Now the Ballard Denny's... no argument there. Though I still think this would have been a good compromise.
I find it curious that someone who worships thinkers like Benjamin can have such a view of urban development. Who wants to go for a derive in Bellevue? That is what rampant development is turning historic neighborhoods like Capitol Hill into. Density, fine. Fill in a parking lot. Developers that go plowing down historic neighborhoods to put up disposable architectural crimes are human excrement. Greedy soulless human excrement.
@20 You're missing some basic economics. Every new home we build in Seattle means one more family can afford to live here. Replace a 5-unit structure with a 50-unit structure, and that's 45 new units on the market. The old, shabby buildings just became less valuable.

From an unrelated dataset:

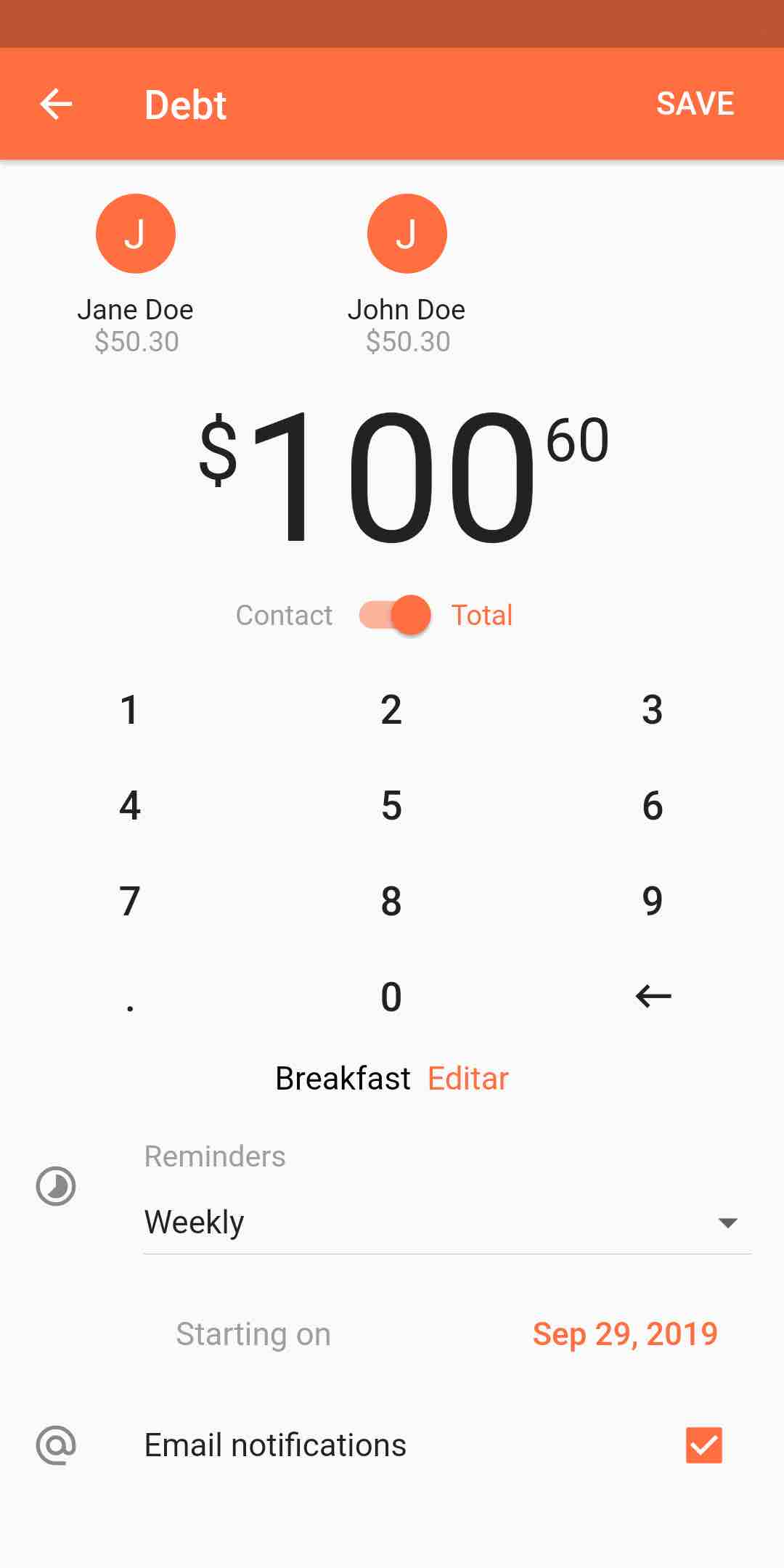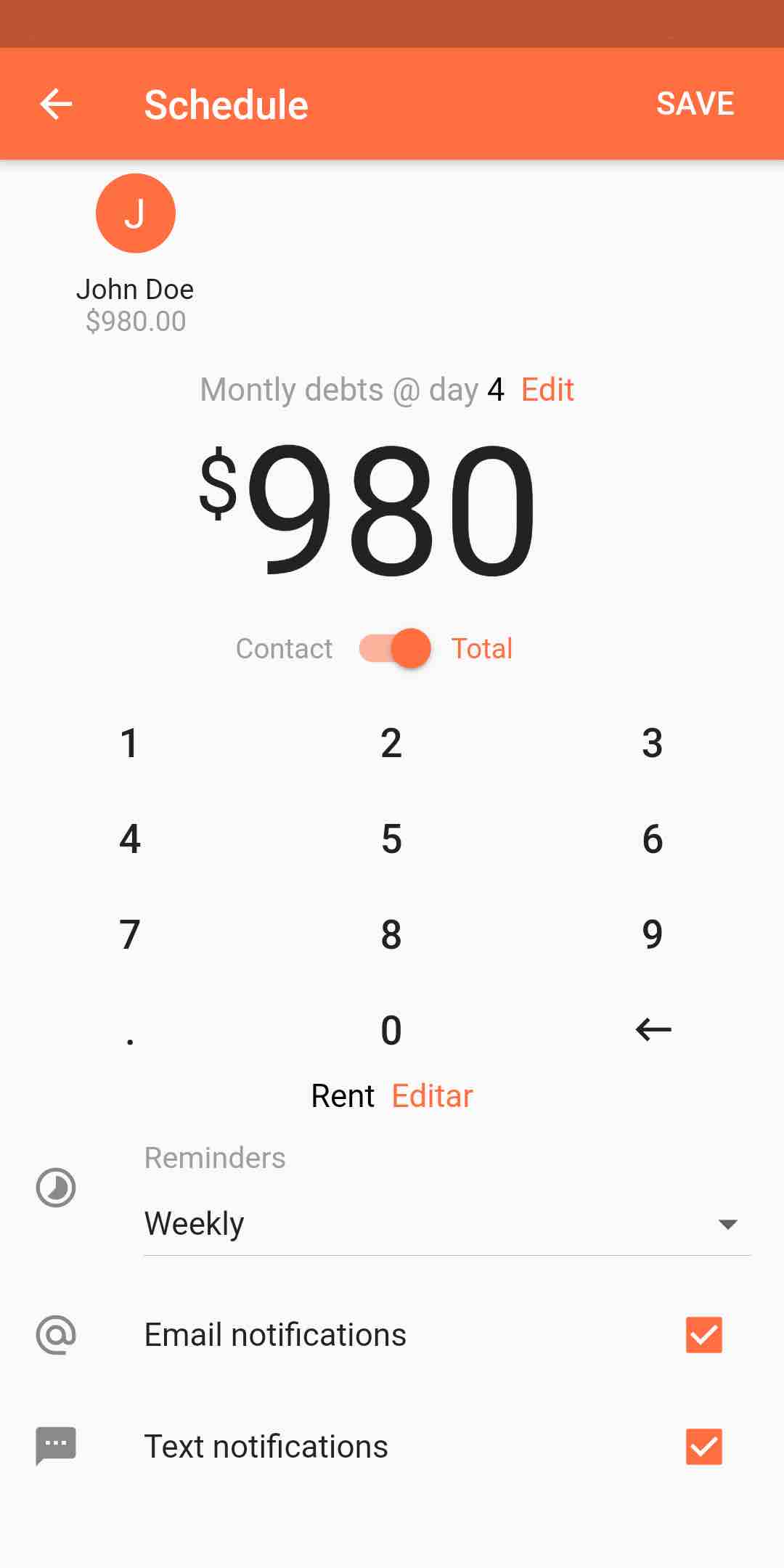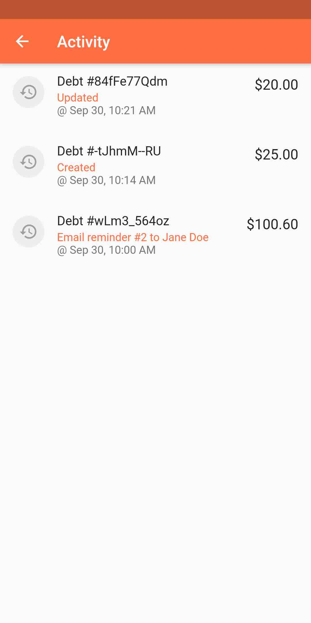 Monitor balance of unpaid debts anytime.

"Poor people would never in a million years be allowed into any new building where King Street Station is." But there will overall be more supply in the city, so rents drop in the run down place nearby. And remember, today's new homes are tomorrow's rundown affordable units.
Edward Glaeser completely misrepresents Jacobs, at least as I read her. One of her main points is that successful neighborhoods have a diversity of buildings to support a diversity of uses. Older buildings have recouped their original construction costs and are cheaper compared to new buildings with the same amount of unit density in the same neighborhood. They will attract and keep lower-rent tenants compared to newer buildings in the same area. Also, with a mix of building ages, the neighborhood changes gradually and is more likely to avoid the boom and bust which is typical of neighborhood evolution. You don't end up with the situation where a neighborhood falls apart all at once with building types that are no longer useful for what's going on in the city and the neighborhood.

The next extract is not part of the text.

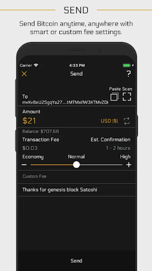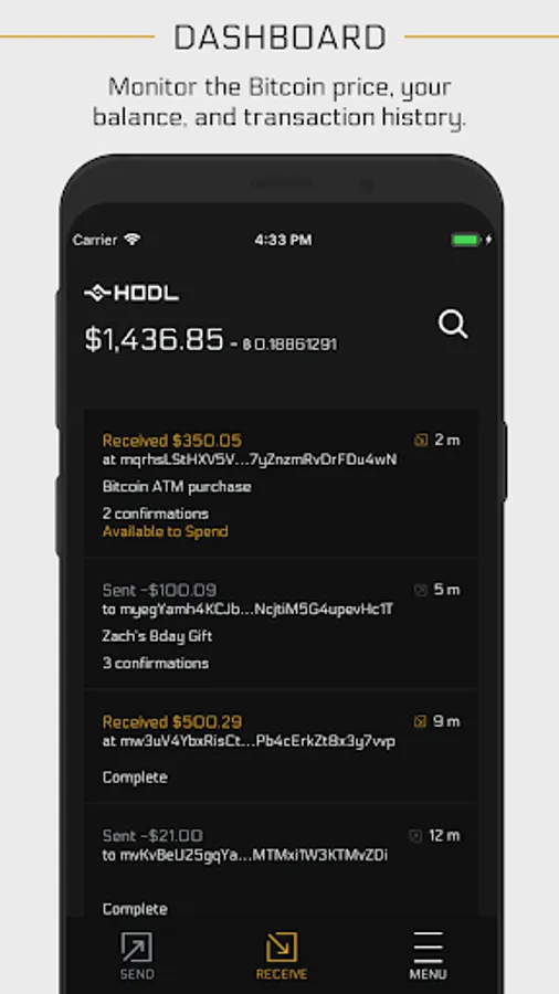 HODL Wallet is a Bitcoin wallet that makes it simple and easy to send, receive, and store bitcoin. It is the best tool for empowering yourself to hold your own funds securely. Your Bitcoin are stored on your device and backed up to a Backup Recovery Key when you create a wallet. This means HODL Wallet can never stop you from accessing or sending your funds.

Towers add a lot of units at the same time, and so too many on a block can destroy the diversity of building types by overwhelming them with a particular vintage and set of uses. Also, they often violate other practices that Jacobs supported, such as short blocks with eyes on the street and lots of street-level retail that attract activity and reduce crime.

If people took her recommendations as a whole, they'd add density without falling into the many traps that happen when you add as much density as possible to add demand without thinking through the consequences to a neighborhood as a whole. She was really a lot more nuanced than most of her acolytes and critics.
Not much of an argument Charles, since you are as usual unspecific. Some old places deserve razing, some new buildings shouldn't be built, and so on. To your one specific point, KSS, you're wrong: It has provided many more, and lasting jobs, than a new building would have, merely by needing constant upgrading and repair. And it is a grand spire, a rare thing, in the midst of so much commonplace. When I drive by, it gives quite a unique pleasure.
@21, those parking lots are not King Street's. I don't think King Street has ANY parking spaces.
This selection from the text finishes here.